Tocclaraju fact sheet:
Elevation 6034m / 19790ft
First Ascent 1939, by Brecht and Schweizer
Best Climbing Months: June, July, August
Description An ice fluted pyramid most commonly accessed from Quebrada Ishinca. Standard route is NW ridge, recommended for descent.

     The climb of Tocclaraju was more complicated. Most important, the climb would be done in two days, with climbing to a high camp on day 1, and do the summit climb on day 2.
 


First clear view of Tocclaraju, on the day of the Ishinca climb.


Sunrise over Tocclaraju.


On the fourth day in Ishinca BC, we set off for Tocclaraju High Camp (5100m.) at 10:00am, and reached it at 14:40am. Here, Mich, Tom and support team member Julio wonder around a little bit.


Me in the High Camp, with Ishinca and Ranrapalca visible on the other side of the valley.


Sight of Tocclaraju from High Camp, with summit in clouds.
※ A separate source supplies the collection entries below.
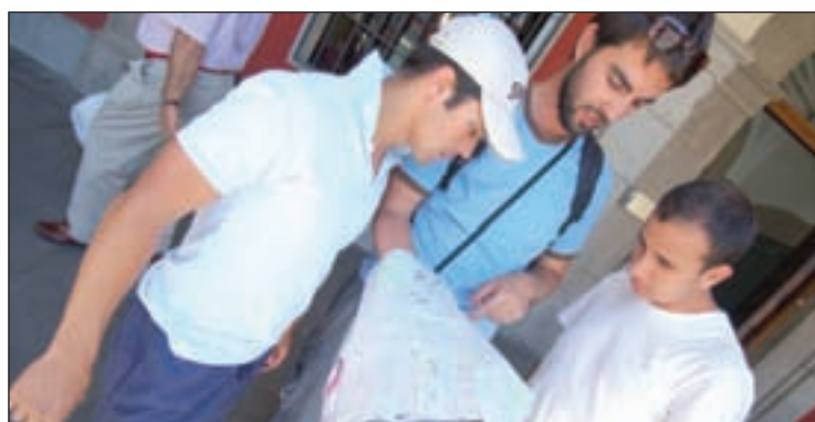
La Comunidad recibió 1,3 millones de turistas hasta abril GENTE
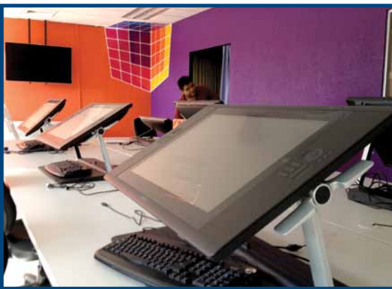
Laboratorio de Animación
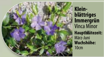
Kleinblättriges Immergrün Vinca minor Hauptblütezeit: März-Juni Wuchshöhe: 10cm
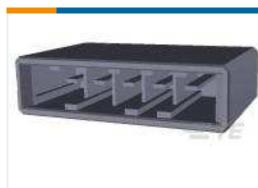
TE Teilnr.:2-316132-3 DYNAMIC D-3200 HDR ASSY 5P V
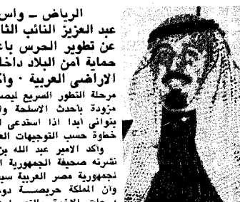
الامير عبد الله

الرياض - واس: تحدث صاحب سمو الملك الأمير عبد الله بن عبد العزيز النائب الثاني لرئيس مجلس الوزراء ورئيس الحرس الوطني عن تطوير الحرس باعتباره قوة مسلحة تحمل مسؤولية المساهمة في حماية أمن البلاد داخلياً وخارجياً والمساهمة في رد الاعتداء عن الأراضي العربية. وأكد سموه على أن الحرس الوطني لابد أن يدخل مرحلة التطور السريع ليصبح قوة سريعة الحركة مزودة بأحدث الأسلحة والتجهيزات وهو لن يتوانى أبداً إذا استدعى إلى الإشتراك في أية خطوة حسب التوجيهات العليا بهذا الشأن.
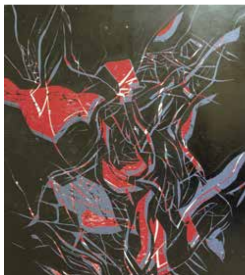
Helene Charitou | Holzschnitt | 2019

Ein Ort, der offen ist für Möglichkeiten, an dem sich Kinder und Erwachsene, Künstler und Musiker, Katzen und Hühner zentral und doch mitten
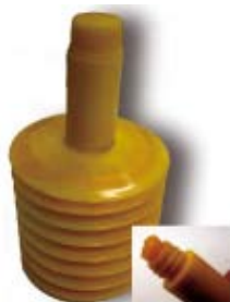
LM-0521 等速ジョイントグリース
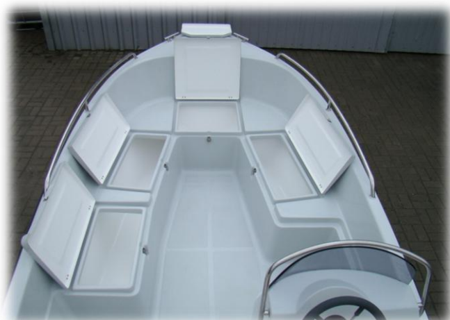
4 schowki z przodu w tym jeden o długości 180 cm
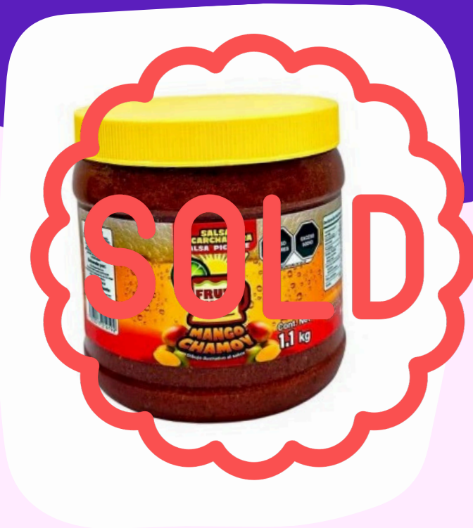
salsa escarchadora $60.000
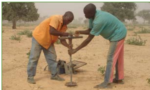
Les forages manuels

The climbing route is roughly: reach the ridge on the left of the picture, then reach the summit circling around the mountain clockwise from the left ridge up.

By now everybody was eating paracetamol to get rid of the headaches. Altitude sure is a killer... We left High Camp at 02:00am on the fifth day and walked in moonlight for two hours. After the moon had disappeared behind clouds, I managed to step on a snowbridge that was very unstable and instantly collapsed. My head and arms remained above surface, and the rest of my mody was tangling in the crevasse. With a little help of Mich and Ivry, I managed to climb out again. No big deal in the end...
 


After surviving a small snowstorm at daybreak, we were ready for the final part. In the picture, Victor is leading the final pitch to the summit, while Anders has tied everybody to his harness so that he can no doubt safely take a picture.


It's getting cold: waiting for 20 minutes at close to 6000m...


...just standing there at a steep angle...!!


But the reward is there: we reached 6034m. on Tocclaraju, with nothing higher to go, at 09:40am on June 2, 2001.


Looking down from the summit on the height we covered, with High Camp visible (middle-right).

We went down after a short stay on the summit, with clouds drifting in, just to find our tracks completely disappeared. It had started to snow a little bit, and the wind was back. That must have erased the tracks. It looked nasty at the time, but we found the tracks again and didn't have to sit out the storm.


After descending through the clouds, visibility got much better. Ivry and Anders are looking good for the final part of the descend to High Camp. We reached High Camp at 13:50, and, after a short rest, we left again for Base Camp at 15:30, reaching BC at 17:45. A long day: 900 meters up, and 1700 down again in 14 hours.


The sixth day in Ishinca BC was a very nice rest day, with a marvelous well-deserved breakfast outside in the sun. From left, clockwise, to the right: Elias(cook), Mich, Anders, Daniel (BC manager), Jeroen, Roger, Ivry and Tom, with Victor taking the picture.


Sunrise over Tocclaraju on the day after the climb.


Descending again from Ishinca BC, with the oxygen rich valley in the distance below.


Poverty in the trail-end settlement Collon, after the BC descend...


Daniel and Julio are unpacking the mule-loads, transferring them to truck.